Data »
BEGIN

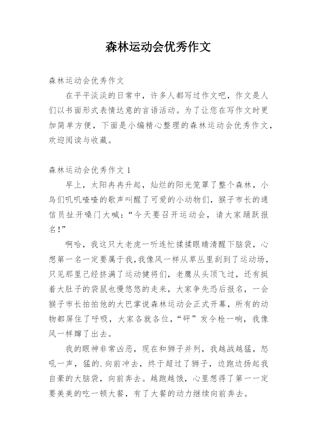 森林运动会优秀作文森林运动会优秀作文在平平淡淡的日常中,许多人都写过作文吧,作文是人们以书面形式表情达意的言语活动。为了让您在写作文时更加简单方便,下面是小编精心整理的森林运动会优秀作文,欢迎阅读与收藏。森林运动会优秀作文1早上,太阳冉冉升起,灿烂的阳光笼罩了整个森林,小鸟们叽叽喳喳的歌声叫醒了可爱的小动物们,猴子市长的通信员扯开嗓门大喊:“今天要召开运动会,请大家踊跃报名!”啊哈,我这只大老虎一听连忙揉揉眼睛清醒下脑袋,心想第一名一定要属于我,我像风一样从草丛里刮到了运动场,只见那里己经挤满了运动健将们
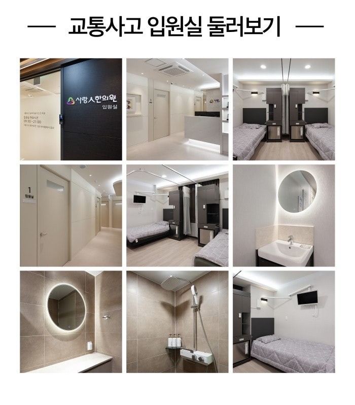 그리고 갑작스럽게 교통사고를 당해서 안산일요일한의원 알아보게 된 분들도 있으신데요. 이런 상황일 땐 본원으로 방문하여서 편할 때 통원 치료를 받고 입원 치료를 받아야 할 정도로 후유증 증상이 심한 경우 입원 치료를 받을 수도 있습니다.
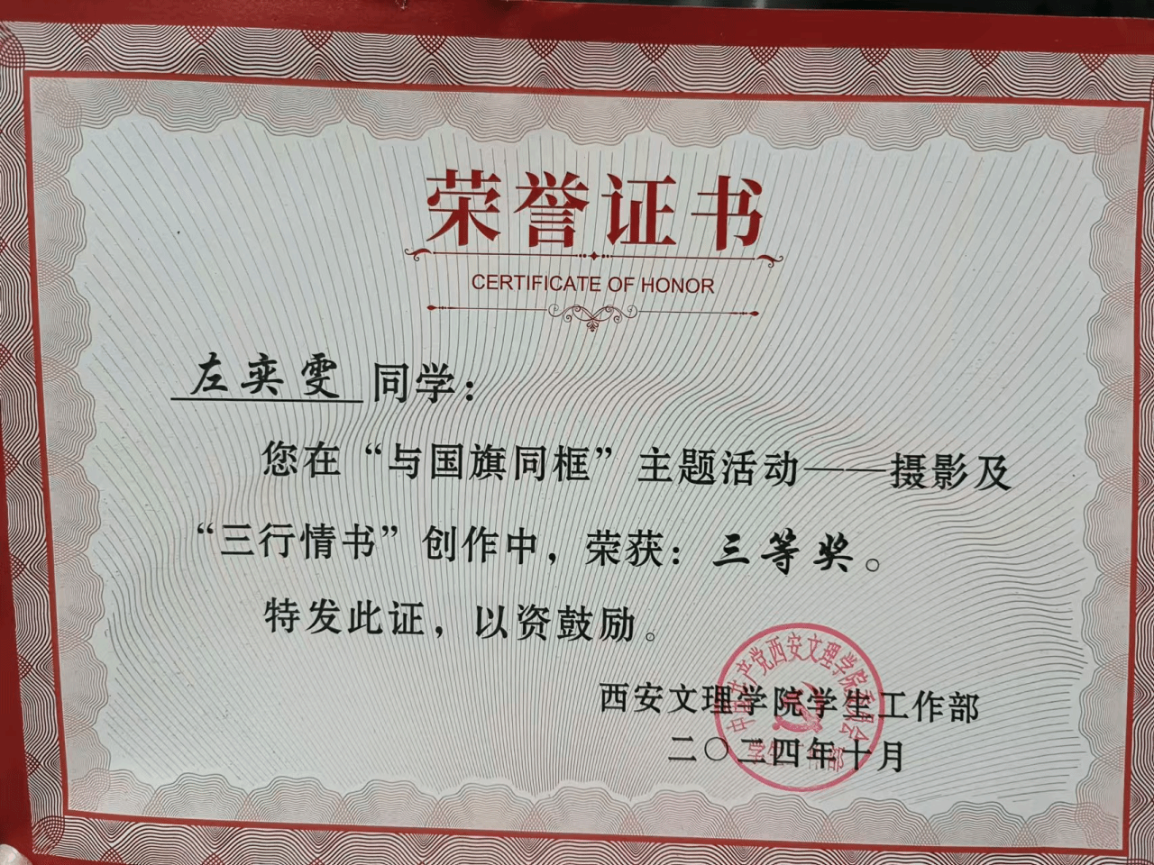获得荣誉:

END

About this task » Starting with the line that holds "그리고 갑작스럽게 교통사고를", print each line through the last one of the data exactly as written, but do not include the pictures.

Response »
 그리고 갑작스럽게 교통사고를 당해서 안산일요일한의원 알아보게 된 분들도 있으신데요. 이런 상황일 땐 본원으로 방문하여서 편할 때 통원 치료를 받고 입원 치료를 받아야 할 정도로 후유증 증상이 심한 경우 입원 치료를 받을 수도 있습니다.
获得荣誉:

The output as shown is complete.